■ Data for review ■

········

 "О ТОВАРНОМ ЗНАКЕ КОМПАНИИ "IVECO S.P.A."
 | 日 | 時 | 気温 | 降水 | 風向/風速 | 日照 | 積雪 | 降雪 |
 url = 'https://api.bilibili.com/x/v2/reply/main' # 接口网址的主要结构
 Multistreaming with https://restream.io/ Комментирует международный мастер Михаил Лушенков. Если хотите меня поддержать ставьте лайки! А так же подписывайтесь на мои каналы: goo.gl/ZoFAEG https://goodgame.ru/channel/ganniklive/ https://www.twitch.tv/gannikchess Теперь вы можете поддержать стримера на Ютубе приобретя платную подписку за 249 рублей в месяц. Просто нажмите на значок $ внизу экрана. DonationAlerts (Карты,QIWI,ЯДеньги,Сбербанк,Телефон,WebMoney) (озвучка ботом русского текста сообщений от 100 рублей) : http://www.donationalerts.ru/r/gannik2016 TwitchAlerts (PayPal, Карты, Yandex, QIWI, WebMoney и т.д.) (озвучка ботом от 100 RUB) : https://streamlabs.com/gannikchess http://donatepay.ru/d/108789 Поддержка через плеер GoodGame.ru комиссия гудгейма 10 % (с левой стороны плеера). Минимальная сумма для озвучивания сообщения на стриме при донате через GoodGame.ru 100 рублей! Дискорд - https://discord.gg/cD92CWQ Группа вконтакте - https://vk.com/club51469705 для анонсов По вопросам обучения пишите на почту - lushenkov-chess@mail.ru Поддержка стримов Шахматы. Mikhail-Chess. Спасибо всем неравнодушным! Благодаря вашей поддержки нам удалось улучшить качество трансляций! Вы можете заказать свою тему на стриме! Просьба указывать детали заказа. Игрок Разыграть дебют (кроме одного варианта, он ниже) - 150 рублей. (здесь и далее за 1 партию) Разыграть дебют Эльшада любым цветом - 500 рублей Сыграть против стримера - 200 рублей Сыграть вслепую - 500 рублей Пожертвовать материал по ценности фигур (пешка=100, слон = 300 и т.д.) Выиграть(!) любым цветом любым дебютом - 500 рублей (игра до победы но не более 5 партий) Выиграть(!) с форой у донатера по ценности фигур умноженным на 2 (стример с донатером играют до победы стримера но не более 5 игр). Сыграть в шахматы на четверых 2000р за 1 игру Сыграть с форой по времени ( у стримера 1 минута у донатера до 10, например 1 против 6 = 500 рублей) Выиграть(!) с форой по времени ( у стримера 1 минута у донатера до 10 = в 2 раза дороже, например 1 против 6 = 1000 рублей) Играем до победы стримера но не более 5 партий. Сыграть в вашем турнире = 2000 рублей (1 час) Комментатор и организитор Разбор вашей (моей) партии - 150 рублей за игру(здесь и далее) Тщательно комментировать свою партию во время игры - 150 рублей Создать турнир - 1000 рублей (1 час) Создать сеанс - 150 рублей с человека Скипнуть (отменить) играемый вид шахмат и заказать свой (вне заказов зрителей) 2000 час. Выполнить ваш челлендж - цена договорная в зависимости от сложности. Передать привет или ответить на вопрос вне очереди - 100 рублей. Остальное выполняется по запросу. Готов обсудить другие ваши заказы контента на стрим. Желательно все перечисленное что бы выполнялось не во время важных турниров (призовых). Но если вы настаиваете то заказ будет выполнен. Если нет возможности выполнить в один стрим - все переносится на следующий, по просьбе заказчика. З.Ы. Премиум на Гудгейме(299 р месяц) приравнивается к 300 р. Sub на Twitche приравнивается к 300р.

········

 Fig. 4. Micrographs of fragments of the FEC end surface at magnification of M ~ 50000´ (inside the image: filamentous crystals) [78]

········

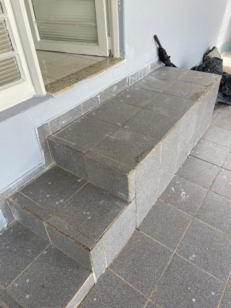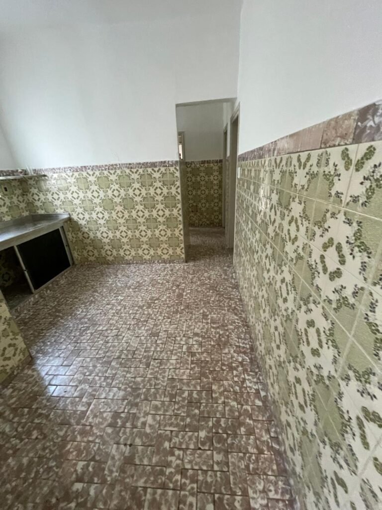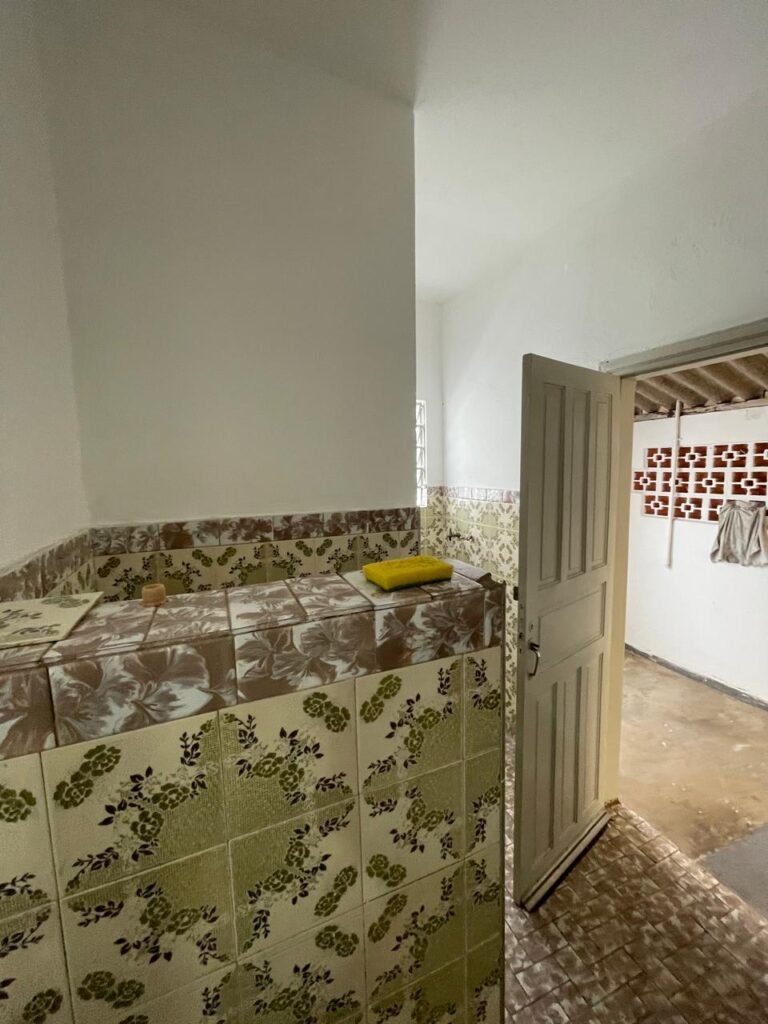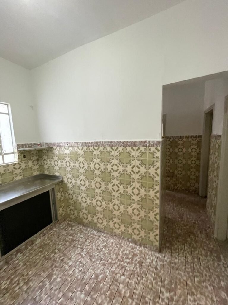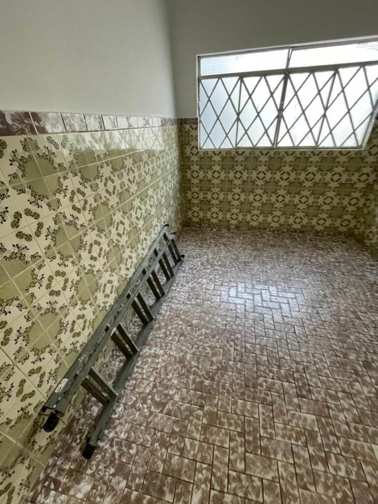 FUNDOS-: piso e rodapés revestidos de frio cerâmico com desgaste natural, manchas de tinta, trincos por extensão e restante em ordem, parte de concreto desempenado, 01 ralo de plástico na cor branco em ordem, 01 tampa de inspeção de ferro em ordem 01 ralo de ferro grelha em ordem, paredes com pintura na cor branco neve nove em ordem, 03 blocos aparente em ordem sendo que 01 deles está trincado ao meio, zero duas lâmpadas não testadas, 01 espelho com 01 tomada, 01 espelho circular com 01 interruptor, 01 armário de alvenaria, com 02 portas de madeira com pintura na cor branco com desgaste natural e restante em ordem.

········

■ Required action ■
Using the data above, transcribe the lines that run from the line with "ТОВАРНОМ ЗНАКЕ КОМПАНИИ" to the line with "url = 'https://api.bilibili.com/x/v2/reply/main'", both ends kept, and output nothing else.

■ Exercise response ■
 "О ТОВАРНОМ ЗНАКЕ КОМПАНИИ "IVECO S.P.A."
 | 日 | 時 | 気温 | 降水 | 風向/風速 | 日照 | 積雪 | 降雪 |
 url = 'https://api.bilibili.com/x/v2/reply/main' # 接口网址的主要结构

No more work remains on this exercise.